The volume between two surfaces can be calculated by

`V=int int_D (z_(t o p)-z_(b o t)) dA`

Where `D` is the area contained by the boundary of the volume projected onto the xy-plane.
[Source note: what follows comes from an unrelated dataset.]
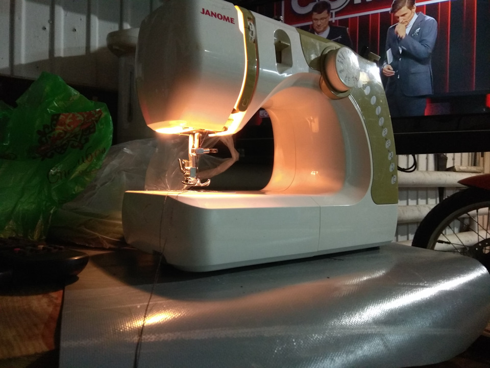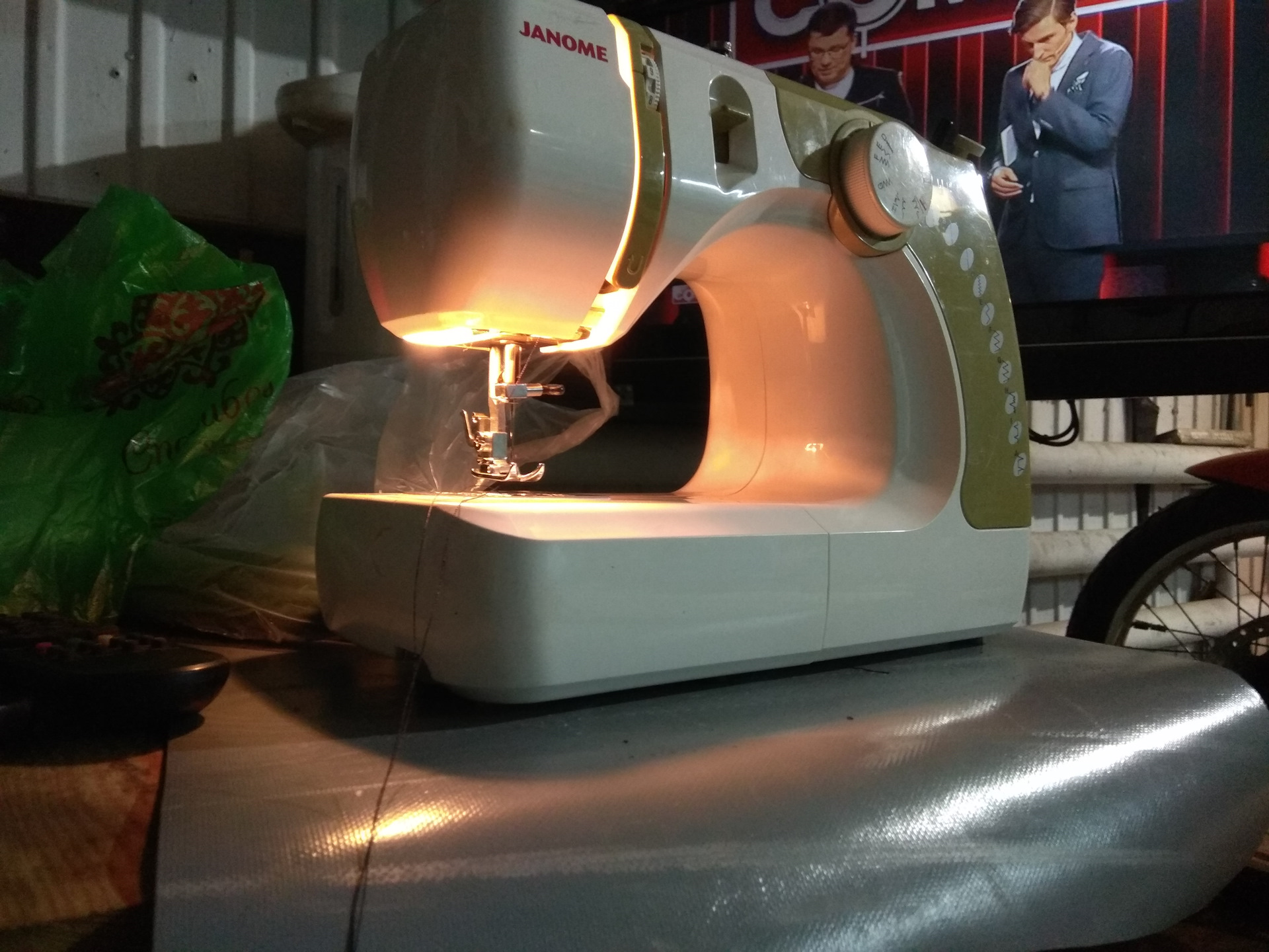 Во внутрь на заднюю стенку вырезал фанеру для жёсткости и прикрутил болтами к рамке. Колхоз, но держится надёжно. Размер 45*55*20. Пока сшил только левую . Завтра буду шить правую.Влезло палатка, спальник, моя любимая подушка, тапки, короче все для поспать (кроме коврика пенки).

To find `D` we need to solve when they two surfaces meet. Solve for `z` on both equations and set them equal to each other.

We have `z=sqrt(x^2+y^2)`

and

`z^2+x^2+y^2=1`

`z=+-sqrt(1-(x^2+y^2))`

Notice that the bottom half of the sphere `z=-sqrt(1-(x^2+y^2))` is irrelevant here because it does not intersect with the cone. The following condition is true to find the curve of intersection.

`z=z`

`sqrt(x^2+y^2)=sqrt(1-(x^2+y^2))`

Switch to polar coordinates to simplify the problem.

`r=sqrt(1-r^2)`

`2r^2=1`

`r=1/sqrt(2)`

The boundary of the volume is a circle of radius `1/sqrt(2)` . Then `D` is

`D={(r,theta)|0lt= r =lt1/sqrt(2), 0lt= theta lt= 2pi}`

Now preform the double integral.

`V=int int_D [(sqrt(1-(x^2+y^2)))-(sqrt(x^2+y^2))] dxdy`

`V=int_0^(2pi) int_0^(1/sqrt(2)) ((sqrt(1-r^2))-r)r dr d(theta)`

`V=int_0^(2pi) int_0^(1/sqrt(2))((1-r^2)^(3/2)-r^2)dr d(theta)`

`V=int_0^(2pi) int_0^(1/sqrt(2))(r(1-r^2)^(1/2)-r^2)dr d(theta)`

`V=int_0^(2pi) int_0^(1/sqrt(2))(r(1-r^2)^(1/2))dr d(theta)-int_0^(2pi) int_0^(1/sqrt(2))r^2dr d(theta)`

On the first integral, let `u=1-r^2` `->` `du=-2r dr`

`V=int_0^(2pi) int_0^(1/sqrt(2)) r(u)^(1/2)((du)/(-2r)) d(theta)-int_0^(2pi) int_0^(1/sqrt(2))r^2dr d(theta)`

`V=int_0^(2pi) int_0^(1/sqrt(2)) (-1/2)(u)^(1/2) du d(theta)-int_0^(2pi) int_0^(1/sqrt(2))r^2dr d(theta)`

Integrate `u` and substitute back in for `r` .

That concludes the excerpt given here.